The Debate Obama is Trying to Avoid



I do understand the sense of betrayal and disgust that many LGBTs feel at the moment. Having been promised a repeal of the Defense of Marriage Act, only to have it reaffirmed by the Administration, having been promised the repeal of Don't Ask, Don't Tell, and having been promised wholesale same-sex partner benefits in line with heterosexual couples only to have been given a watered-down version of them are campaign promises broken. LGBTs have a long, frustrating tradition of being promised a feast and being thrown table scraps instead.

Yet, I do have a pragmatic side that prevents me from coming down on the Obama Administration too harshly. I know full well that any major discussion regarding Gay Rights would quickly become a national debate on homosexuality, our attitudes towards it, and the role that LGBTs take in our societal framework. This same pragmatic part of me believes, quite simply, that we are not yet ready to have this debate. Though we have made significant strides as a country in the past fifteen years since Don't Ask, Don't Tell was established, the fault lines are still visible and the hatred is all too real. A Pyrrhic victory is probably the best possible outcome one could expect from the resulting bluster, since the Republican Party, weakened though it is, holds a powerful hand when it comes to this issue. Refusing them the ability to build themselves back from the edge of oblivion doesn't make good political sense.

President Obama wishes to push an ambitious, badly needed agenda of reform through Congress and sign it into law. Though I wish it wasn't so, I acknolwedge that much political capital would be wasted if he were to engage in pitched battle over LGBT policy matters. The debate would be mean-spirited on both sides as well as counter-productive. It would dominate the news cycle for weeks for no good end. It would enrage the American people and remind us yet again that we are the polarized country we often are. During last year's the Democratic primary, and to some degree the general election, Americans were forced to have another in a continuing series of discussions about racism and sexism. The precedent for such debates was ample but they still became explosive matters at times. While racism and sexism were loaded issues with decades worth of trench warfare and the scars to show for them, gay rights are a matter that have never truly exploded into hand to hand combat. They could, of course, but right now any diversion from the massive amount of necessary reform still to be enacted is not in anyone's best interest.

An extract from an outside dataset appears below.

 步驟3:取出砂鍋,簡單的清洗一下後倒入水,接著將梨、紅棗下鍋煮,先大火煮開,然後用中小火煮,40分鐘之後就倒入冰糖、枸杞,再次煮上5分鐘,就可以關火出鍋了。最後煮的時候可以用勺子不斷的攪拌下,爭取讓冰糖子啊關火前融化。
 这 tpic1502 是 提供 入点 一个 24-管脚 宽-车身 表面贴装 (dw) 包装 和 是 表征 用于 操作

If more people voluntarily came out, it would help the cause greatly. If more brave men and women who had served in combat came out, this too would aid those attempting to make necessary and needed reforms for all LGBTs. So long as many can think of LGBTs as some kind of perverse, unfamiliar "other" and not their neighbors, friends, teachers, business owners, and the like, then this will be a protracted knife fight with no end in sight. But it doesn't have to be this way.

4 comments:

PENolan said...

Look what the country went through in the orginal Civil Rights movement. It would be great we could have the debate without the chaos and violence - but then look at Stonewall.

Gail said...

Hi Kevin-

SO nice to see you and "read" you. Between you and PE Nolan I don't have to watch the news. Thanks for sharing ALL your wisdom and afacts and opinions and challenge - amazing.

Love to you
Gail
peace....

The Peach Tart said...

I always enjoying reading your blogs. Very thought provoking.

anita said...

Kevin, this is exactly how I feel about this issue. I was having a discussion about this with my sister yesterday afternoon and I was trying, in my feeble way, get out what you so eloquently and succinctly stated in this "essay" ... you are an excellent writer and observer and thinker, by the way.

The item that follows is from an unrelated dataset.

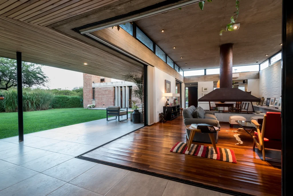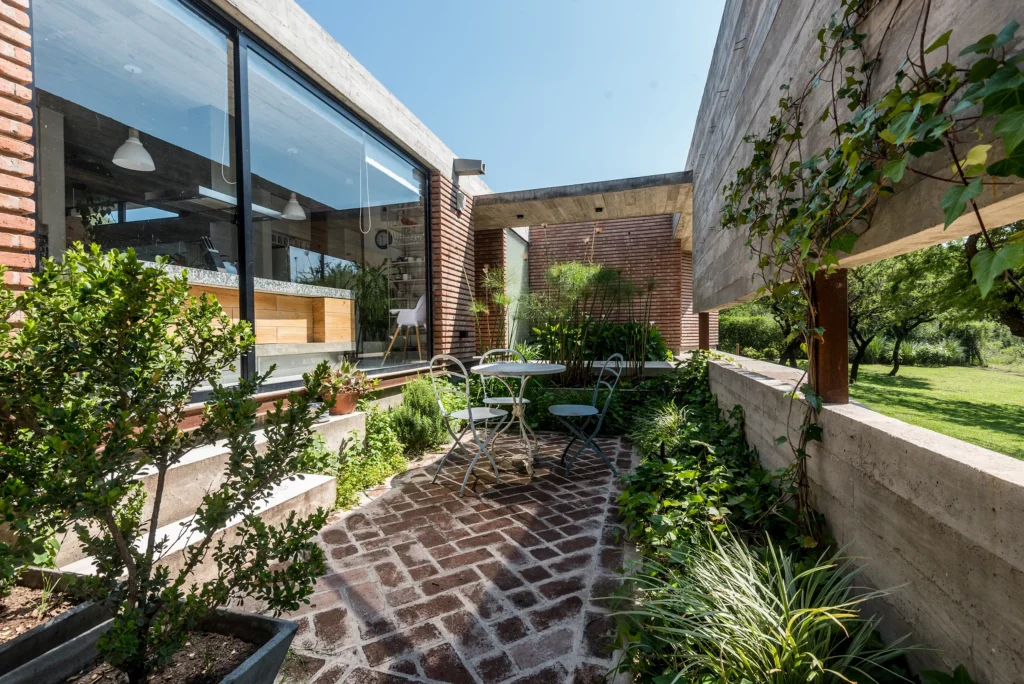 La casa nace y toma su nivel en la parte de atrás del terreno, permitiendo elevarla y convertirse en “balcón” hacia el frente para la contemplación del paisaje; paisaje característico y típico de Córdoba. Su diálogo con la naturaleza es muy fuerte, ya que el espíritu del lugar está ligado a “lo natural”.

On a side note, I often go with a friend to a Thai restaurant in a town called Nyack in Rockland County, New York. Last saturday we went for our regular feast and, as it turns out, it just happened that it was Gay Pride day there being celebrated in the town square. I was walking around the various vendor stands (there was also a craft fair going on) and looked up and standing just a few feet away from me was Dan Choi, the man who has been on the Rachel Maddow show talking about having been expelled from the army because he came out as gay, despite his years of service, his extraordinary skills and fortitude and commitment. I said to my friend, wow, that's Dan Choi!! And my friend said, go talk to him, shake his hand. So I did. I told him how much I admire what he's doing now, his bravery and his having served this country so well, bla bla bla ... or something to that effect. I always get flabbergasted when I come across famous people, so I think I babbled a little bit. I shook his hand (he's got a wonderful handshake ... very strong ... something, to me, that indicates character, however crazy that may seem).

Then someone whisked him away to get on stage and speak to the crowd.

My little brush with celebrity. It was cool.